Hi everyone, has someone successfully dealt with `...
# ingestion
c
Hi everyone, has someone successfully dealt with
struct_type
columns? The method here https://datahubproject.io/docs/metadata-ingestion#hive-hive returns only a string column for the highest level, but not the columns below. To illustrate further: I get columnA, but not columnA.subColumnB or columnA.subColumnC.subsubColumnD. I think
sqlalchemy
does not read the column as structured, but pyhive does. Does anyone had a similar use case in the past and can point me to the right direction? Thanks a lo
g
Seems like this is a long-standing limitation of the pyhive library that we use: https://github.com/dropbox/PyHive/issues/121#issuecomment-321133036. The underlying issue is that it maps the struct type (and array/map) to string for some reason https://github.com/dropbox/PyHive/blob/master/pyhive/sqlalchemy_hive.py#L138
d
We have smth similar with ingestions from Avro, get only root fields with struct type in the UI, but in the raw schema we could see the whole struct
c
Hello @gray-shoe-75895, thanks for your reply.
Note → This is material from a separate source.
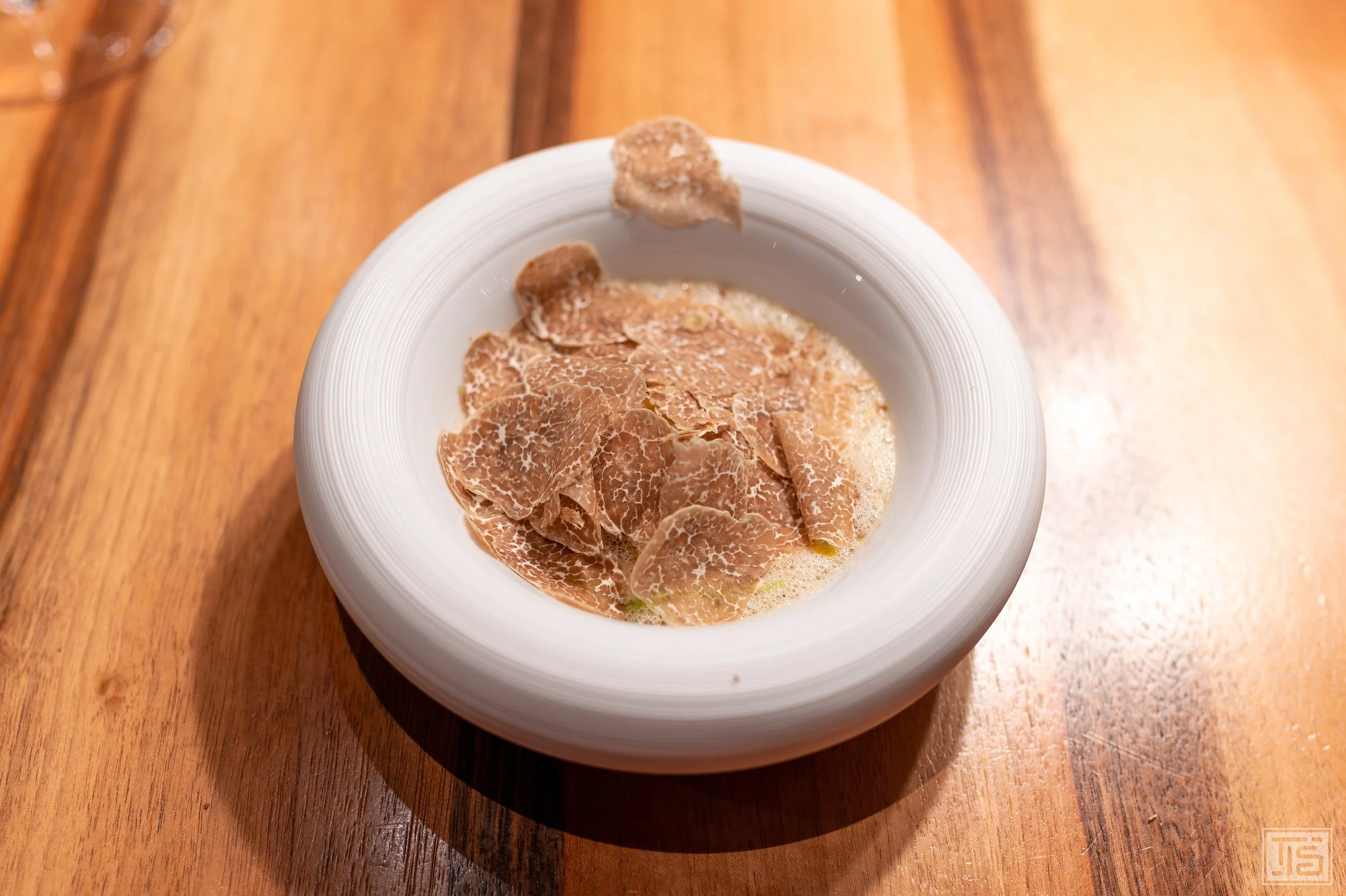 Weiter geht’s mit einem Klassiker der luxuriösen Wohlfühlküche: Eigelb vom Schlattgut Herrliberg, weisser Trüffel, Steinpilz, Nussbutter. Dass ein schlotziges Eigelb mit exzellenten weissen Trüffeln aus Alba, die beim Hobeln den ganzen Tisch mit ihrem ätherischen Aroma einnebeln, ein "Match made in Heaven" ist, muss hier nicht weiter ausgeführt werden. Wohl aber, wie man aus diesem grandiosen Duo noch mehr herauskitzeln kann. Da wäre zum einen die Nussbutter, die sowohl das Ei als auch die Trüffel akzentuiert und für zusätzliche opulente Mundfülle sorgt. Butter macht eben alles besser, wie man so schön sagt. Darüber hinaus spielen die kleinen Steinpilze eine wichtige Rolle, steigern sie doch das Umami und bringen mit ihrem leicht elastischen Biss ebenso texturelle Abwechslung ins Spiel wie ein paar Kartoffelchips. Um dem Gericht eine bodenständige Struktur zu verleihen, findet sich unter dem Trüffelregen zusätzlich etwas Kartoffelpüree. Zu guter Letzt unterstreicht fein dosierter Schnittlauch den angedeuteten rustikalen Charakter dieses Gerichts. Liest oder hört man die Zutaten, denkt man an schwere Kost. Doch es ist alles andere als das. Opulent, ja, aber dennoch ausgesprochen ausbalanciert und elegant. Auch hier ist das Feintuning perfekt. Besser kann man ein solches Gericht weder konzipieren noch umsetzen.

Yes, I saw that issue on github as well. This is quite a limitation for us as one very important table has a struct type that we would like to solve into columns in datahub. We could use mysql as connector instead but I guess that would not change anything?
g
Yep using the mysql connector instead likely won’t help here
l
We will find a workaround for this
c
bump
m
Hi @colossal-furniture-76714, We have found a way to parse DDL structs and still ingest data through sqlalchemy/pyhive. I will keep this thread updated on it.
Also, thank you for sharing the details of the workaround you suggested 🙂
c
Ok, thanks that sounds great. Do you use pyhive to connect to spark?
There is another problem with this connection as pyhive does not speak spark sql dialect properly yet.
Would be happy if you share your results here.